►
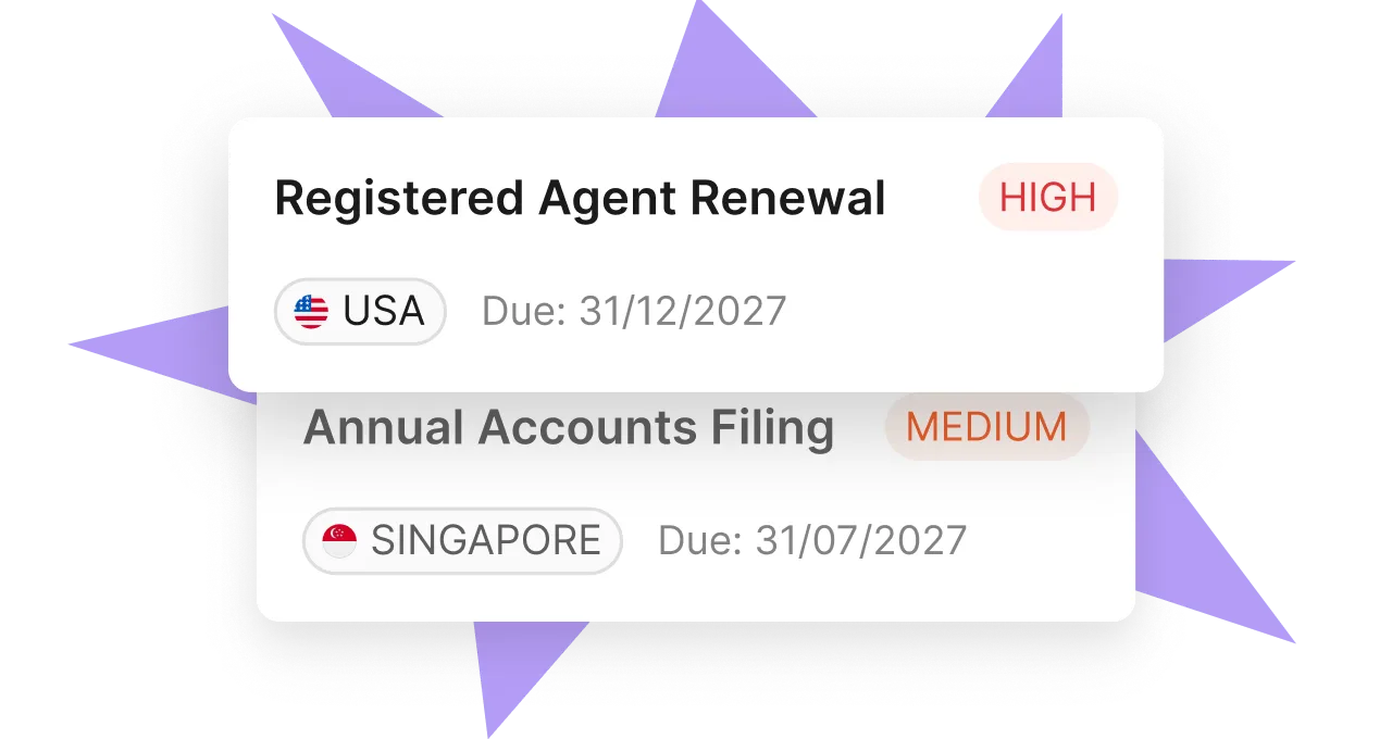 Centralize directors, ownership structures, shareholder records, and filing deadlines across all your entities in one system.
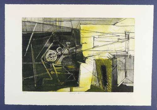 Rechts unten in Bleistift signiert und datiert. Links Auflagenbezeichnung, mittig Titel. – Unikates Blatt aus der Serie ″Station und Basis″. – Ohne Mängel. Sehr guter Zustand.
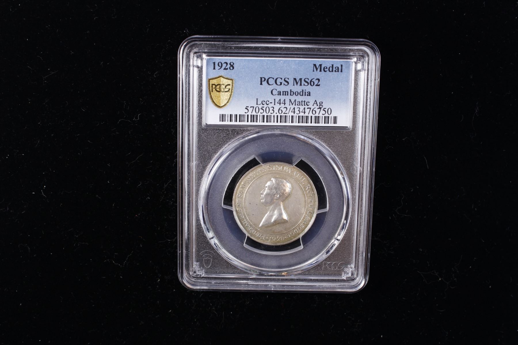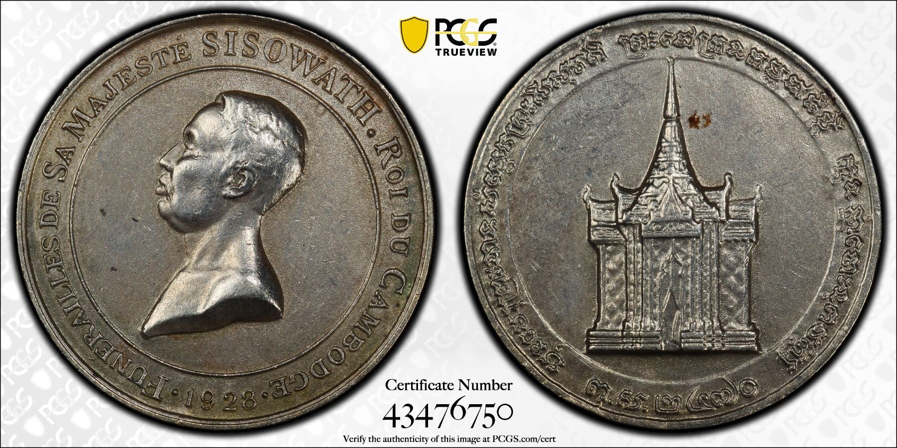 CAMBODIA: Sisowath Monivong, 1927-1941, AR medal, 1928, Lecompte-136, Daniel-M16b, 27mm unsigned silver medal for the Funeral of Sisowath I by P. Lenoir, bust left with "FUNÉRAILLES DE SA MAJESTE SISOWATH ROI DU CAMBODGE - 1928" around // Royal Palace Building for Funerals with Cambodian text around, matte finish, rare, mintage of only 250 pieces, ARGENT and hallmark on edge, label erroneously reads "Lec-144", PCGS graded MS62, ex The Paris Collection.
◄
Without the pictures, retype the whole of the material above exactly.

 Centralize directors, ownership structures, shareholder records, and filing deadlines across all your entities in one system.
 Rechts unten in Bleistift signiert und datiert. Links Auflagenbezeichnung, mittig Titel. – Unikates Blatt aus der Serie ″Station und Basis″. – Ohne Mängel. Sehr guter Zustand.
 CAMBODIA: Sisowath Monivong, 1927-1941, AR medal, 1928, Lecompte-136, Daniel-M16b, 27mm unsigned silver medal for the Funeral of Sisowath I by P. Lenoir, bust left with "FUNÉRAILLES DE SA MAJESTE SISOWATH ROI DU CAMBODGE - 1928" around // Royal Palace Building for Funerals with Cambodian text around, matte finish, rare, mintage of only 250 pieces, ARGENT and hallmark on edge, label erroneously reads "Lec-144", PCGS graded MS62, ex The Paris Collection.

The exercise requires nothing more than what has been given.